Often science has sought to bridge the gap between science fiction and science fact. The idea that computers, like HAL, could be capable of making decisions has driven scientists to make attempts at developing computer systems that mimic human thought. On May 3^rd, 1997, IBM’s chess playing supercomputer, Deep Blue, demonstrated that we might have significantly come closer to bringing intelligent computers together with human intelligence when it tied Garry Kasparov, the then World Chess Champion [1]. But we are only part way toward the goal of giving a computer, or machine, the ability to think. Deep Blue’s decision-making is based on a fixed database that was changed by hand by its developers in between each game [2]. There is, however, a problem in Deep Blue’s game playing ability that stems from only being as good as the data it is given. Give it a inferior database or even no database and it will always make bad decisions and play poorly.

There has been significant effort in researching and implementing systems where the computer learns and develops its own skills. These learning machines are the next step beyond Deep Blue. Systems such as SAL and the Morph Project are discussed in this paper, however, they do not cover the extent of the research that has been done on the topic. The goal is to create a system that can both think effectively and is always learning to do better. In his paper "General Game-Playing and Reinforcement Learning," Robert Levinson identifies a series of twelve guiding principles for developing machine learning. Some of these primary goals and principles are:

• Programs should learn from scratch, starting with minimal knowledge and without a teacher.

• Experience is central to learning and learners should try a wide variety of learning methods.
• Domains have mathematical structure that learners should strive to exploit.

The last of these listed principles is one of the primary goals of the Morph project, of which Levinson is leading. He recognized the importance of neural networks and genetic algorithms in machine learning. They both are based on "pre-classified input-output pairs that attempt to learn functions, [4]" but he also recognized that there is no link between the graph-theoretic understanding of machine learning and their structures. He also recognized that they rely on human-supplied or base state input, which is unacceptable to the earlier goals listed. Another important thing to note is that Levinson sought only to create a machine that could play with high performance and not "biological plausibility" which is what the developers of neural networks are trying to create.

Most of the projects in development are based on the computer’s ability to learn to play games, typically board games, where there is a notion of complete knowledge of the game to all players. Michael Gherrity, a Doctor of Philosophy in Computer Science, discusses in his dissertation the reasoning behind choosing these types of games:

Most often what makes these games interesting is the ability to exhaustively search through all possible actions in a game tree that represents every possible game state. As I have examined in my own experience, however, a game as simple as tic-tac-toe can have a very large tree, with even more complex games having ridiculously large game trees. Michael Gherrity examined several of these games with his own learning machine, SAL, including chess, tic-tac-toe, checkers and connect four while the Morph project has focused primarily on chess. And while other learning systems exist, such as NeuroChess or Hoyle, the remainder of this paper will focus on SAL and Morph only.

One of Levinson’s first observations state that many games may be examined in graph-theoretic terms. One such term he applied is a hypergraph with the following definition:

Levinson claims that this notion of hypergraphs applies to a large class of state-based games. These games have characteristics such as a specified initial state and players that perform operations on the game state to produce new game states. Levinson showed that all state-space search problems can be viewed as relation-based transformations over hypergraphs and tied logic, graph theory and state-space representations together [4].

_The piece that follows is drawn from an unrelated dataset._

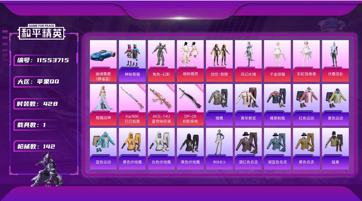 [11553715]8粉装 3特效枪 1载具 10印记 可二次 可修改实名 设备脸 优质装备:幽澜尊爵(静谧蓝),千金淑猫,伏羲圣卦,彩虹独角兽,桃粉嫣然,智耀战神,AKS-74U-星穹咏叹调,Kar98K-巳巳如意 热门装扮:幻影,创世·救赎,风幻水境,神秘黑猫 稀有枪皮:DP-28-豹影疾电 五级特效枪:五级Kar98K-巳巳如意,五级DP-28-豹影疾电,五级AKS-74U-星穹咏叹调 紫色装扮:SS31特训套装,人气偶像,冷焰舞者,霓虹热舞,SS30特训套装,云朵鹅,雪绒豹,SS33特训套装,顶瓜瓜,豚鼠丹丹,竞技角斗士,吉莉礼服,都市魅力,酒红色名流,酷潮明星,酷萌兔限定,长空猛禽,霓虹街区,青年教官,缤纷果语,蓝彩潮人,蓝色运动,街头潮人,魅力单车,鹤鸣,黄色伏地魔,黄色名流,黄色运动,黎明保卫者,黑色伏地魔,龙的传人,龟仙人,冰河战士,龙魂突击队,蝶变,极速红龙,橘黑制服,涂山之恋,深蓝色名流,幻影武者,坚韧舞者,完美偶像,帅气教官,战地督导,湖蓝色名流,绮丽涂鸦,疯狂小兔子,白色伏地魔,破晓战魂,破蛋小黄鸡,甜蜜告白,空岛之星,竞技达人朋克,红色运动,灰色格斗者,灼焰舞者,猛禽,猎鹰,小熊娃娃,雏菊兔兔,萝兰蝴蝶,SS29特训,先驱飞行员,湖畔霞光,星途旅人,纯真浪花,热情海星,曼妙人鱼,SS28特训,异域银装,石蕴玉辉,鱼渊荷华,玉兔迎春,燕燕于飞,巳巳如意,都市丽猫,青团波波,糖糖葫芦,棉花软糖,竞技名士,果汁能量,惊鸿侠骨,甜梦熊熊,神气柴柴,懵萌河马,SS24特训(SS24特训套装),SS25特训,绝对偶像,锦衣飞扬,焰鹰斗篷,幻羽潜行,SS27特训,无暇誓言,SS26特训,春光漫游,快闪甜心,贝斯之夜,大橘大利,星渊小夜曲,耀粉歌者,粉恋花,蓝冰羽,紫幽梦,SS32特训服(SS32特训套装),萌萌史莱姆,青玉碎影,绯格组合,樱梦幻音,白糯汤圆,糖霜甜心,蜜桃派对,恋语绒绒,光之冒险 优质战备:守护天翼降落伞,拳皇·狂花道降落伞,未来领航者降落伞,英伦信使飞行器,金丰海韵降落伞,恐龙拽拽降落伞,绯穹魔姬降落伞,月影灵韵降落伞,智耀战神降落伞,雪月幻音降落伞,彩虹独角兽飞行器,樱桃泡泡降落伞,彩虹独角兽降落伞,天星战神降落伞,梦幻火箭降落伞,神秘黑猫降落伞,梦之光华降落伞

Levinson’s research also shows that each domain, or game, has a finite set of domain objects and a finite set of piece objects. For example, in the case of chess or checkers, each square on the game board represents a single domain object and the chess pieces or checkers themselves were the pieces. Each game state is a hypergraph of each of these objects. These objects also have a set of relations applied to them as well as a set of operators to change these relations. The terminal conditions of a game are a set of predefined conditions that are applied to the operators with the added possibility of a reward condition. Levinson also has an added a static relation function called FLIP whose sole purpose is to take care of symmetries in a variety of game-states. The focus of this function is on multi-player games where the difference between two boards may only be by the owner of the pieces on the board [4]. These definitions applied to games create the pattern languages that were required in the development of SAL and Morph.

SAL and Morph also have two other distinguishing similarities between them in their design. They contain a set of search methods as well as evaluator functions. The search methods take the database that is in front of them and decide an appropriate next move. Evaluator functions are what assign weights to given patterns and evaluate (or re-evaluate) them for submission to the database for future use.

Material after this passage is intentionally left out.